Espionnage britannique en Espagne pendant la Seconde Guerre mondiale
Source:
Archivo del Tribunal Militar Intermedio de Ferrol, Causa Asturias 558-43
Extent: 1 item
Ce document est la carte d'identité de Juan Martínez Martínez, nom fictif de Lorenzo Sanmiguel, chef du plus grand réseau de renseignement britannique en Espagne (le réseau Sanmiguel) qui couvrait toute la côte cantabrique.
La Péninsule Ibérique est devenue une cible prioritaire pour les services de renseignement britanniques à la fin du printemps 1940 en raison de sa situation stratégique, outre la défense prioritaire de Gibraltar, dans le contexte d'un Royaume-Uni sur la défensive après la défaite française. Les Britanniques ont donc créé de vastes réseaux de renseignement dans la Péninsule Ibérique, ainsi que des groupes de services d'opérations spéciales, formés dans leur pays, prêts à agir notamment dans les principaux ports espagnols qui servaient de refuge et de soutien aux navires et sous-marins de l'Axe.
Les Britanniques mettent également en place des structures de surveillance et d'information, qui s’intensifient après l'entrée en guerre des États-Unis, sur le transport du tungstène, matériau stratégique pour l'industrie allemande de l'armement, et sur le trafic maritime.
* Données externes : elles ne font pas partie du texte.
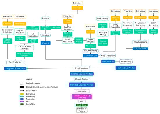 The product life cycle begins with the extraction of raw minerals for the primary CoCrMo alloy block, namely chromite, molybdenite, and carrollite, along with kaolin clay for the ceramic slurry and crude oil to produce investment casting wax. Additional mining is required for wolframite and carrollite to produce tungsten–carbide cutting tools. Crude oil is also needed for mineral oils (coolant) and for carbon black used in tungsten-carbide powder. Manufacturing of the knee implant begins with the creation of wax patterns, traditionally made using metal dies of aluminium, steel, duralumin, or brass. For this study, aluminium dies are assumed. The dies form the wax models, which are assembled and encased in a ceramic slurry to produce the mould. The wax is subsequently melted out, potentially recovered for reuse, and replaced with molten CoCrMo alloy during the investment casting stage. After solidification, the ceramic mould is broken away and discarded, revealing the femoral component. It exhibits antimicrobial properties, promotes cell adhesion, features low friction, and has a roughened surface to adhere to polymethylmethacrylate (PMMA) medical cement, facilitating osseointegration.

Ils créèrent également la première unité européenne de résistance militaire « maquis », la Fédération de guérilla León-Galice, qui doit entrer en action en cas de ralliement formel de Franco à l'Axe. Enfin, les Britanniques ont soudoyé plusieurs généraux espagnols pour les inciter à maintenir la neutralité de l'Espagne dans la guerre.
Le rôle de la Péninsule Ibérique a changé après le débarquement allié en Afrique du Nord en novembre 1942 et l'accord conclu avec Salazar en août 1943 pour l'utilisation par les Américains et les Britanniques de bases aux Açores. Tout cela, ainsi que les pressions américaines sur la Grande-Bretagne pour qu'elle force Franco à quitter le pouvoir, ont conduit à l'ultimatum du 20 de ce mois-là, adressé au dictateur espagnol par l'ambassadeur britannique Samuel Hoare lors d'une visite urgente au Pazo de Meirás, où le dictateur passait l’été, dans lequel il exigeait qu'il rectifie sa politique pro-allemande. Au lieu de retourner à Madrid, Hoare est parti à Londres sans date de retour, provoquant ainsi la plus grande crise des relations bilatérales jusqu’alors.
Les menaces ont porté leurs fruits, mais Franco a utilisé la découverte cet été-là - grâce aux services de la Gestapo - du réseau Sanmiguel pour renforcer sa position de négociation. L'accord avec la Grande-Bretagne prévoyait que les services de renseignement de la Grande-Bretagne pourraient continuer à opérer en Espagne, tant qu'ils ne travailleraient pas contre le régime. Par la suite, la pression alliée sur la dictature s'est relâchée, ce qui a permis à Churchill d'adapter son discours et de modérer sa politique à l’égard du régime espagnol à partir de la mi-1944. Dès lors, le rôle de la Péninsule, et donc des réseaux potentiels de résistance et d'espionnage, devient secondaire après que les armées alliées, débarquées en Normandie, ont entamé leur avancée en Europe continentale.